A road repaving project in Kalihi is about to become a first of its kind for the state and could change the way Hawaii’s roads are fixed.

Middle Street from Kamehameha Highway to King Street is heavily used, serving as a gateway to the City Bus yard. The state wants to repave it using concrete instead of asphalt to make it more durable.

Asphalt roads last 10 to 12 years while concrete can last up to 50 years. So, drivers and bus riders say bring it on.

“It’s all for the greater good right? We got the rail stuff coming up, so we’re gonna need this access road and if it’s gonna improve this roadway might as well,” bus rider Tim Marquez said.

In the past, as with freeway repaving projects, the concrete is poured at the site then left to dry before reopening the road.

Instead, the state will use pre-cast concrete slabs that will be hoisted on to the road, eliminating the waiting time to dry.
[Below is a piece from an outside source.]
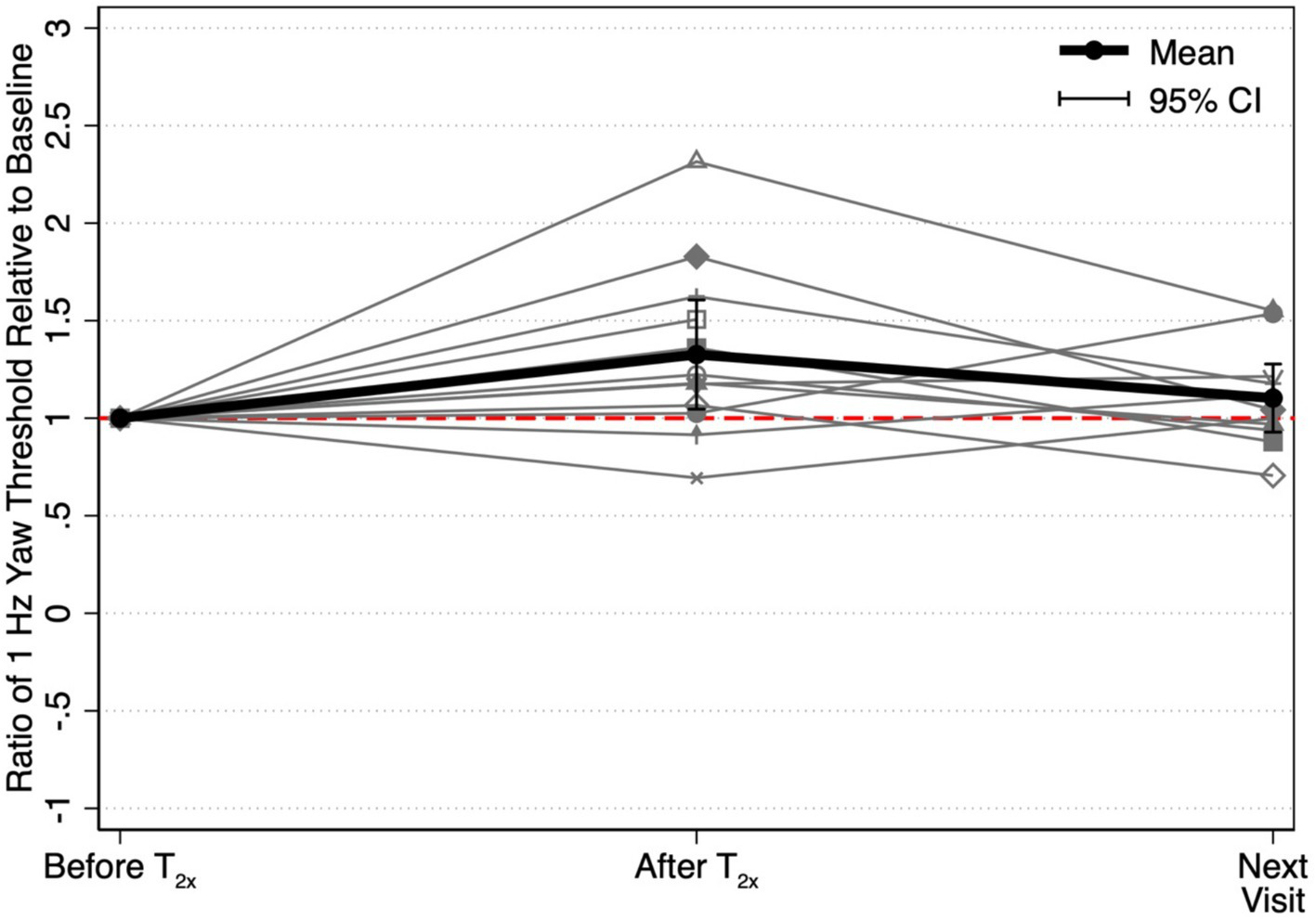 Ratios between each threshold and the baseline threshold captured prior to the T2x conditioning stimulus (“Before T2x”) are shown to depict the relative to change in yaw rotation thresholds at each of two time points, immediately following conditioning (“After T2x”) and at the next visit to the laboratory (“Next Visit”) (i.e., 1.0 = equivalent to T2x baseline). Mean threshold ratios and the corresponding 95% confidence intervals are shown at each time point. Yaw rotation thresholds were estimated from a single block of 150 trials.
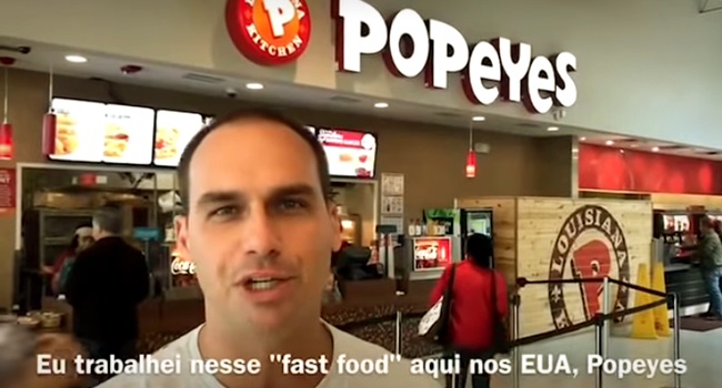 Pois bem, há alguns anos Eduardo postou um vídeo afirmando que em 2005, durante as férias da universidade, trabalhou na terra do Tio Sam em uma lanchonete da rede Popeyes.

“In this case, the slabs of concrete will be made and they’ll prepare the roadway and the full pieces, large pieces of concrete will be lowered into place,” state Department of Transportation spokesperson Caroline Sluyter said.

There will still be some lane closures because crews will have to dig out the old layer and get the new surface ready, but Sluyter says these types of projects will be quicker to finish and easier to repair.

“What we can do is take out the complete slab and just replace it with a new slab instead of having to break up the concrete like we normally would, so even in the future it will save time for repairs,” Sluyter said.

Time is money and this project is saving the state some of that, too.

The projected cost is $15 million and usually the state pays 20 percent of that, or $3 million. However, the state received a national grant because it’s recognized as an innovative highway project, so the federal government is paying for all of it.

Sluyter says this new method does not cost any more than the traditional method. If all goes well, more repaving projects will be done this way.

The state plans to put the project out to bid at the end of the year and the repaving should start in the spring of next year.